3 for 3


November 15. It took almost 3 months for the teacher to pull me aside to chat about Mike.

“Look! He finally finished his Halloween pumpkin! (2 weeks late because he’s falling behind and now we can hang it up for 4 days before we take it down to make way for the turkey decorations he’s also behind on making…) And, by the way, he can’t listen in class, he has great difficulty sitting still, he volunteered to sit apart from the other kids, he keeps forgetting his Monday folder, he talks nonstop, he interrupts, he can’t remember directions, he bothers his classmates when they’re trying to work…”

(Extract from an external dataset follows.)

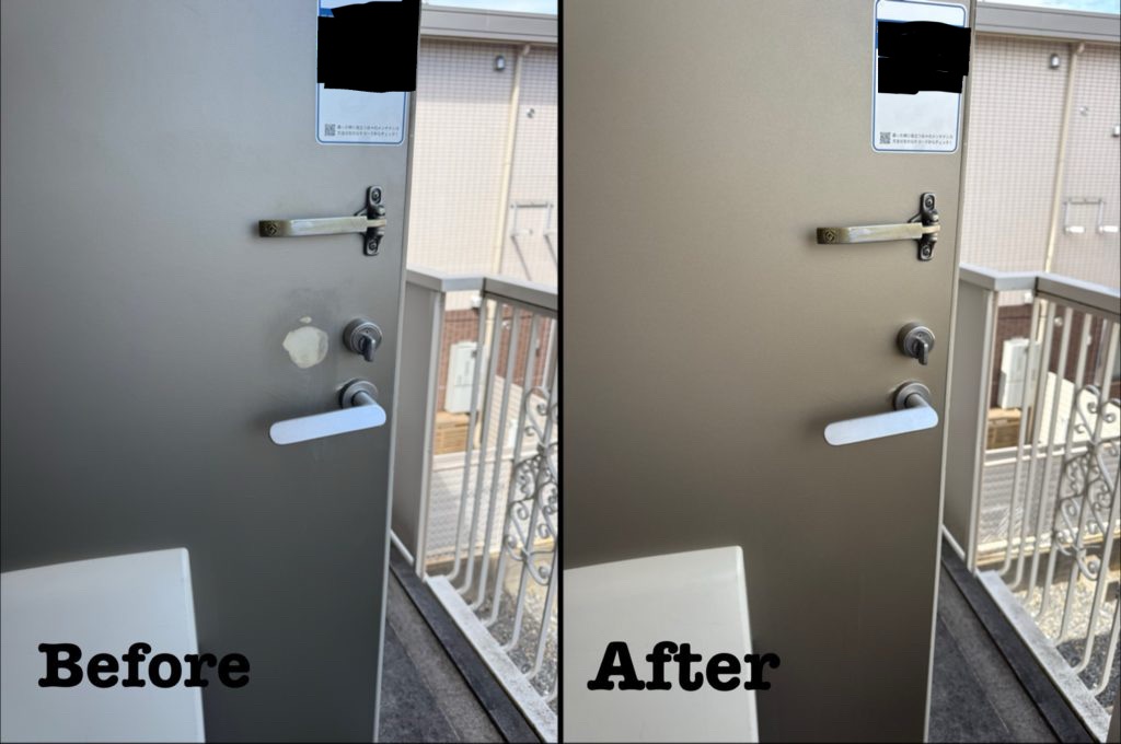 原状回復工事として 玄関扉シートの破れ補修 を行いました。
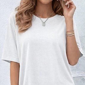 Damen Übergroße T Shirt T-Shirt 100% Baumwolle Einfarbig Stilvoll Klassisch Lässig Kurzarm Rundhalsausschnitt Rundhals Normale Oberteile Täglich Ausgehen Schwarz Weiß Marineblau Dunkelgrün Braungrau

Do you see where this is going? I’m surprised it took her this long. I started asking about how he was doing, how he was learning, how he was participating, how active he was all within the first 2 weeks of school. She was surprised I would be so convinced there was a problem.  I’m surprised it took her 3 months.  So I’m 3 for 3.

Let’s review the DSM-IV, shall we?  I’ll highlight where my kiddo has an issue.

DSM-IV Criteria for ADHD

I. Either A or B:

Six or more of the following symptoms of inattention have been present for at least 6 months to a point that is inappropriate for developmental level:

Inattention

  • Often does not give close attention to details or makes careless mistakes in schoolwork, work, or other activities.
  • Often has trouble keeping attention on tasks or play activities.
  • Often does not seem to listen when spoken to directly.
  • Often does not follow through on instructions and fails to finish schoolwork, chores, or duties in the workplace (not due to oppositional behavior or failure to understand instructions).
  • Often has trouble organizing activities.
  • Often avoids, dislikes, or doesn’t want to do things that take a lot of mental effort for a long period of time (such as schoolwork or homework).
  • Often loses things needed for tasks and activities (e.g. toys, school assignments, pencils, books, or tools).
  • Is often easily distracted.
  • Is often forgetful in daily activities.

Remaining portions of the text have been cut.